Member database signatures are integrated into InterPro manually. Curators combine signatures representing the same protein family, domain or site into single database entries, and, where possible, trace biological relationships between the constituent signatures. They check the biological accuracy of the individual signatures and add pertinent information, including consistent names, descriptive abstracts (with links to original publications) and Gene Ontology (GO) (12) terms. Semi-automatic procedures create and maintain links to an array of other databases, including the protease resource MEROPS (13), the protein interaction database IntAct (14), the ENZYME database (15) and the 3D structure database PDB (16).

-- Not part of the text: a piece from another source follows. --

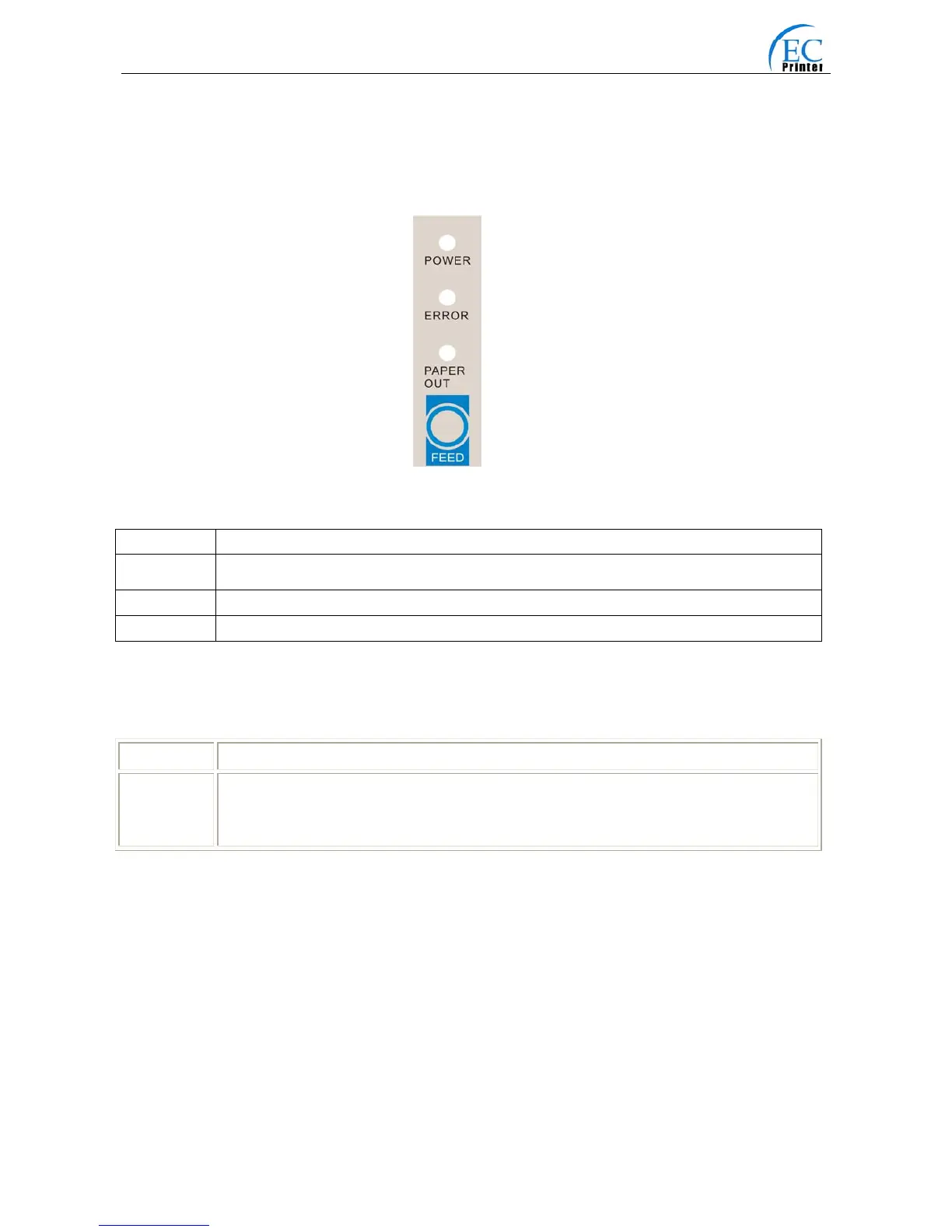 PAPER OUT Indicate printer’s paper state. The indicator is on when paper end or near end.

InterPro signature matches to the UniProt Knowledgebase (UniProtKB) (17) and the UniParc protein sequence archive are calculated using the InterProScan software package (18). This information is made available to the public in XML files as well as through Web interfaces, where users can search with either a protein sequence or a protein identifier. These data are also used to aid UniProtKB curators in their annotation of Swiss-Prot proteins and are utilized by the automatic system that adds annotation to UniProtKB/TrEMBL.

InterProScan can also be used to perform automated analysis of protein sequences. The software is available (i) as a browser-based tool for analysing single protein sequences (http://www.ebi.ac.uk/Tools/pfa/iprscan/); (ii) programmatically via Web services (19) that allow up to 25 sequences to be analysed per request (SOAP-based service documented at http://www.ebi.ac.uk/Tools/webservices/services/pfa/iprscan_soap and REST-based service at http://www.ebi.ac.uk/Tools/webservices/services/pfa/iprscan_rest); and (iii) as a downloadable package for local installation from the EBI's FTP server: (ftp://ftp.ebi.ac.uk/pub/software/unix/iprscan).

NEW FEATURES IN INTERPRO

Updates to database content

InterPro curators continue to integrate new entries into the resource. There have been 15 major public releases (where at least one member database has been updated) and 1 minor release (where only the underlying protein sequence database has been updated) of InterPro since 2009; the latest release (version 34.0) contains 31 685 member database signatures integrated into 22 245 InterPro entries, and provides matches to ~80% of the sequences in UniProtKB (Table 1).

Table 1.
Coverage of the major sequence databases UniProtKB, UniParc and UniMES by InterPro signatures

Changes to terminology and data structure

InterPro entries are classified according to the type of signature they group together. In order to make it clear to end users what can be inferred from a match to a particular entry in the database, the different entry types have been reviewed and terminology has been standardized. Entry types now comprise families, domains, repeats, post-translational modifications, active sites, binding sites and conserved sites, with formal definitions for each type clearly stated on the InterPro Web site.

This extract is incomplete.